When many Christians give their witness, they talk about themselves. This is why we speak of “giving our testimonies,” that is, telling people about our conversions and how Christ has helped us. There certainly is a placed for testimonies, but they should never form the heart of our witness. I remember seeing an ad in a secular newsmagazine that featured a handsome, smiling young man. It began by talking about his previous problems: He had been into drugs and had been lost and depressed, but now he was clean and fulfilled. The ad was like many Christian testimonies—except that it was on behalf of one of the more bizarre cults spreading today. It is true that cults can help a person get off drugs, but that does not make their beliefs true. Moreover, it is easy for people to brush testimonies aside, saying, “I’m glad it worked for him, but that has on relevance to me” Our witness must center not on our experience but on the facts of Christ’s coming to this world.
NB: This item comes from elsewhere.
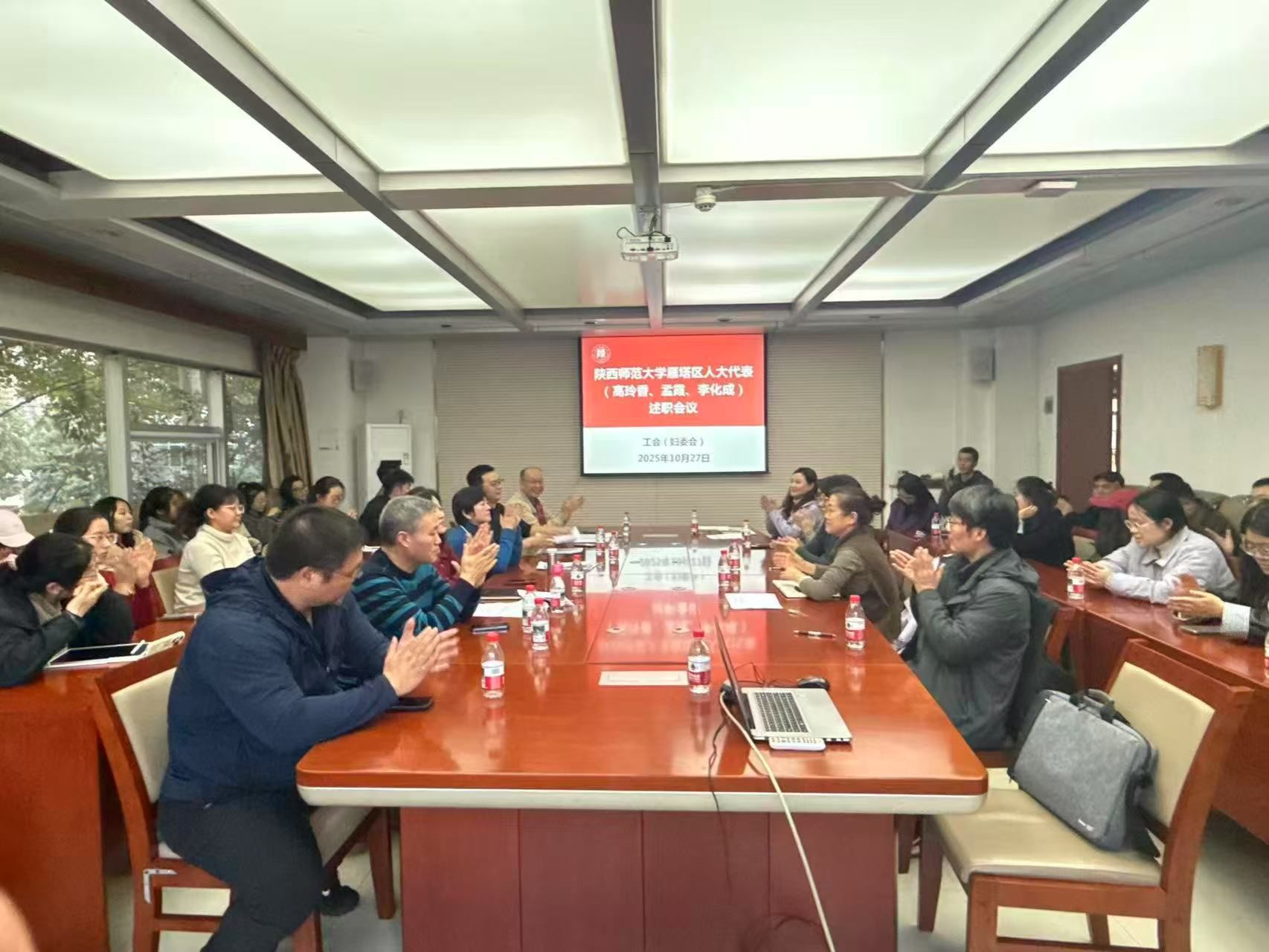 10月27日下午,我校所当选的西安市雁塔区第十八届人大代表向选区选民述职会议在雁塔校区综合体育馆会议室举行。从我校选区推选的人大代表高玲香、孟霞、李化成进行现场述职,学校40余名师生作为选区选民代表听取了三位代表的述职报告。述职会议由校工会主席蒋毓新主持。
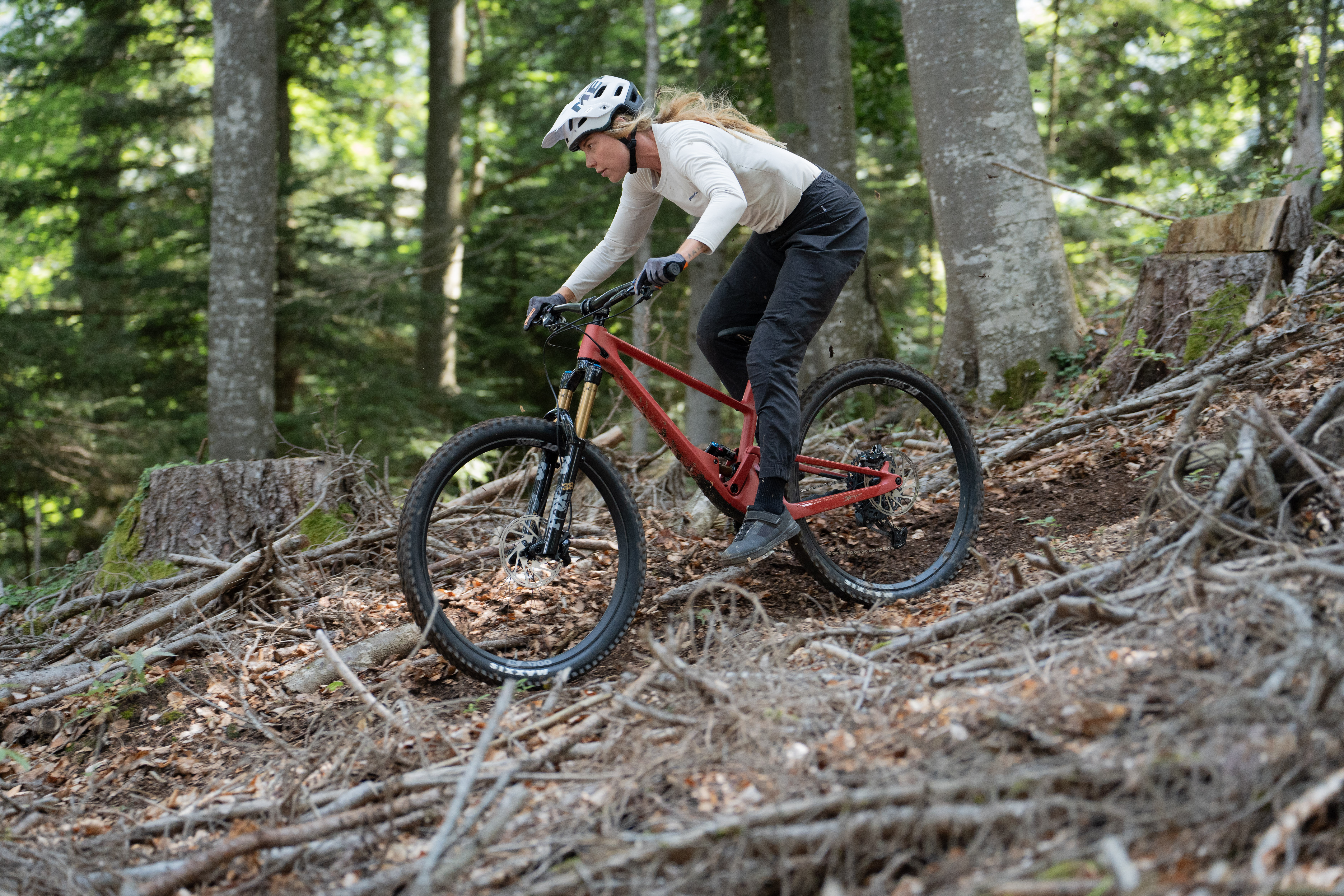 Die Federung wurde so abgestimmt, dass sie kleinere Unebenheiten sensibel aufnimmt, aber auch bei härteren Schlägen nicht an Kontrolle verliert. Damit meisterst du Wurzelteppiche und felsige Abschnitte mit maximaler Sicherheit und gleichzeitig vollem Fahrspaß. SCOR setzt zudem auf eine tiefe Rahmenlinie, die viel Bewegungsfreiheit bietet – ideal für schnelle Richtungswechsel oder stylische Sprünge über Hindernisse.

It is especially important that we never think that what we are doing for Christ is of ultimate importance. James Montgomery Boice warns us, “Whenever a Christian layman, minister, writer, teacher, imageor whoever it might be, gets to thinking that there is something important about him, he or she will always cease to be effective as Christ’s witness.” We also must never permit people to glorify us for what God has done in our lives. If people notice that you have changed, you should praise God and tell them that it was Jesus’ work, for they will gain what you have, not by admiring you, but only by believing on Jesus. In some cases, redirecting praise in this manner will result in people who previously admired you becoming hostile; the world hated Christ, and it will often hate a faithful witness to Him. But we must accept this risk so as to bear testimony not to ourselves but to Christ.

In John 5:35a, Jesus said that John the Baptist “was a burning and shining lamp.” Some Bible versions say that John was a “light,” but the Greek word Jesus used (luxnos) means a candle or a lamp. A lamp does not shine on its own. Its light has to be kindled from another source, and it needs a supply of oil or it will go out. The same is true of us. In our witness, we are to shine not our own light but Christ’s light. Just as a lamp requires oil, we depend on our fellowship with Christ and the Holy Spirit’s enlivening ministry through God’s Word in order that Christ’s light may shine through us. To use a different metaphor, we are the moon reflecting the light of the sun. On our own. we are in darkness, but a great light has shined and is shinning on us, and we are to reflect it into the world.

—Richard D. Phillips, Jesus the Evangelist (Reformation Trust Publishing, 2007), 13–15.